What Drugs Can Cause Pericarditis?

What Drugs can Cause Pericarditis?

Medication-induced pericardial inflammation is an uncommon condition. The precise progress of drug-induced pericarditis is unknown (idiopathic pericarditis). Some of the drugs commonly observed to induce this condition include isoniazid, cyclosporine, procainamide, dantrolene, doxorubicin, penicillin, hydralazine, warfarin, and heparin. The chronic consumption of the drug may be the reason for getting this condition. The adverse reaction of the drug to the body is the risk factor for pericarditis.

What Drugs Can Cause Pericarditis?

Interferon-based Drugs

Interferon-based drugs used for many purposes for treating various cancers and virus infections. It has the same properties which our body naturally synthesis, but when used for a chronic condition, it induces several side effects. Some of the most common side effects include flu-like illness, chest pain, alopecia, rash, pancytopenia, myalgias, and hepatotoxicity. Interferon drug-mediated pericarditis is not well-defined, exceptionally infrequent and among the different synthesis, interferon alpha is known to be the most cardiotoxic.
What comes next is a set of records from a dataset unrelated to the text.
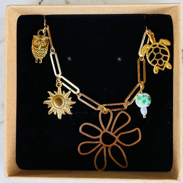 Paperclip-ketting. Volledig stainless steel. Met 5 bedels.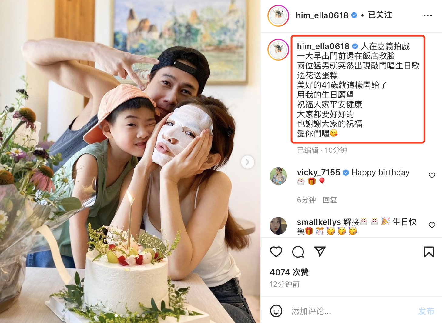 6月18日,Ella分享全家福慶祝41歲生日。她透露自己目前在拍戲,住的是酒店,出門前敷著面膜,老公和兒子突然敲門,帶來鮮花和蛋糕,為自己唱生日歌,就這樣,她開始了美好的41歲。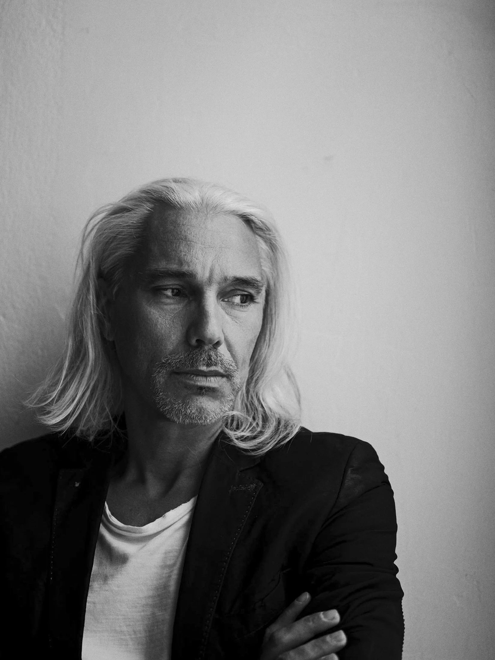 Black and white portrait of a person with long hair and facial hair, resting their head on their hand.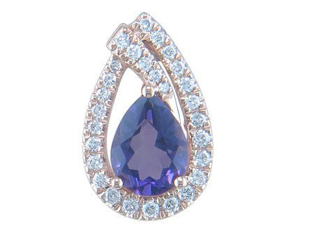 18K Rose Gold Amethyst with Diamond Halo Pendant

It causes an autoimmune reaction through various mechanisms including production of gamma-globulins and interleukin-6 and inhibition of allospecific suppressor T lymphocytes, as well as activation of natural killer cells.
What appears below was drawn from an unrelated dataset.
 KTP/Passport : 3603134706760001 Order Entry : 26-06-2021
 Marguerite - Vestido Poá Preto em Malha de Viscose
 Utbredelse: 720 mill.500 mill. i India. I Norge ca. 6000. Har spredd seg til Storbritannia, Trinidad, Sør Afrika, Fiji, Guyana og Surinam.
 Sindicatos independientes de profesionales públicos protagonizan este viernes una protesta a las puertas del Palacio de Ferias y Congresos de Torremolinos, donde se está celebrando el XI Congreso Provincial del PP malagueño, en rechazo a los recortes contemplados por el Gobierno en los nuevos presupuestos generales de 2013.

Actinomycin-D, anthracyclines, bleomycin, bromocriptine, cisplatin combined with 5-fluorouracil, cyclophosphamide, cytarabine, methysergide, minoxidil, morrhuate sodium, phenylbutazone, and tocainide have been associated with the development of pericarditis. Among these drugs, mesalamine and sulfasalazine-containing have strong potential in the cause of pericarditis. Pharma companies of oral and rectal mesalamine and sulfasalazine producers, list pericarditis as an uncommon adverse drug reaction in their information pamphlet. The underlying relationship between pericarditis and medicines with same pharmacologic activity, such as olsalazine and balsalazide, is uncertain. Methysergide drug is an ergot alkaloid used prophylactically for the treatment of a migraine and cluster headaches. Patient has shown developed constrictive pericarditis while on long-term methysergide therapy and now no longer used for first-line treatment.
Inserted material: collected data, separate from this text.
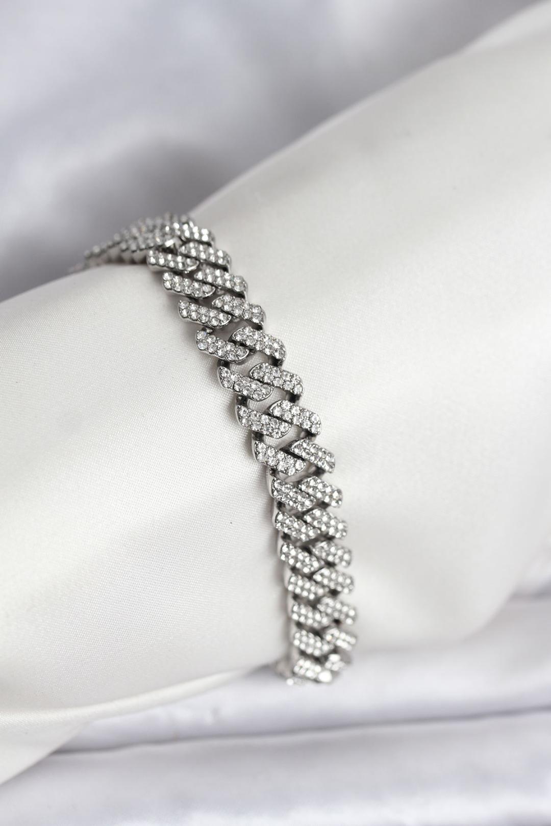 Gümüş Renk Pirinç Cuba Chain Gurmet Bileklik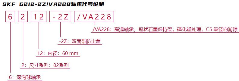 后綴列表:【-2Z:雙面帶防塵蓋】【/VA228:高溫軸承,冠狀石墨保持架,磷化錳處理,C5 級(jí)徑向游隙】。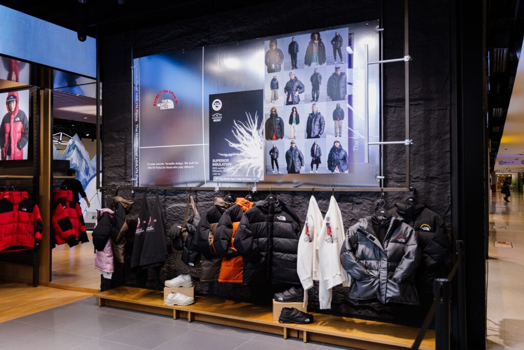 The store offers a wide range of products, meeting both the challenges of outdoor pursuits and the lifestyle demands of city living. From the peaks to the streets, The North Face presents a collection that includes the Performance Collection for extreme weather and outdoor activities, as well as the Urban Exploration Collection, tailored to stylish urban living and reflecting the personality of a new generation seeking bold self-expression.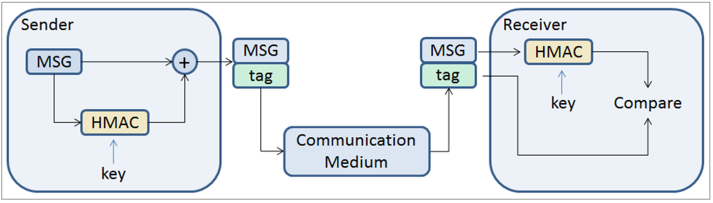 The technique implemented to authenticate the messages relies on a keyed-Hashed Message Authentication Code (HMAC) [17]. The idea is to generate a tag for the respective message, and then, the tag is appended and transmitted with the original message (Figure 1).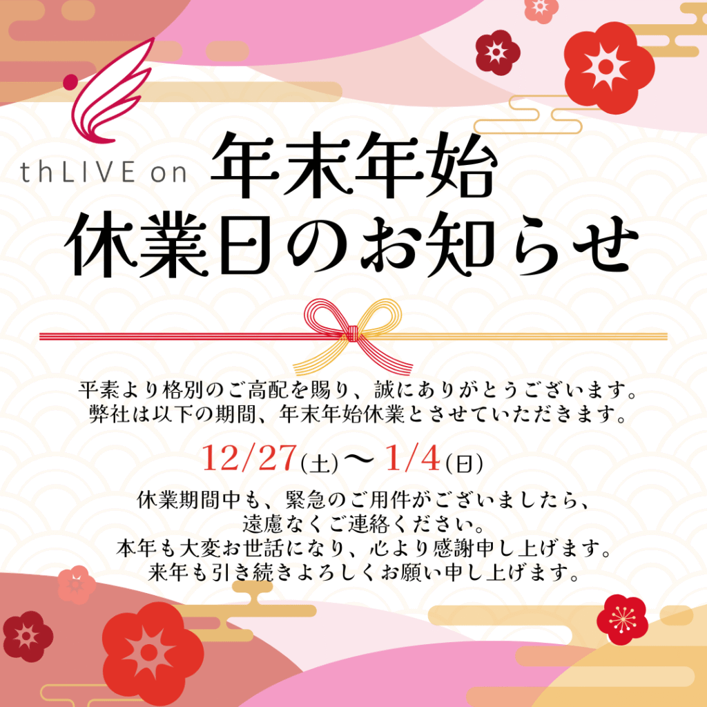 年末年始休業日のお知らせ 平素より格別のご高配を賜り、誠にありがとうございます… -

In drug-induced systemic lupus erythematosus, chest pain is the major symptoms caused by inflammation of the lining that surrounds the lungs (pleuritis) and the heart (pericarditis). Cardiac manifestations are generally unusual in hydralazine-induced lupus. Pericarditis occurs less than 5% in hydralazine-induced lupus as compared to 20% in the spontaneously occurring systemic lupus erythematosus. Recurrent pericardial effusion cases were reported because of drug-induced systemic lupus erythematosus, which result in mitral valve repair. Carbamazepine as an anti-convulsive drug has been identified to cause lupus disease in several cases.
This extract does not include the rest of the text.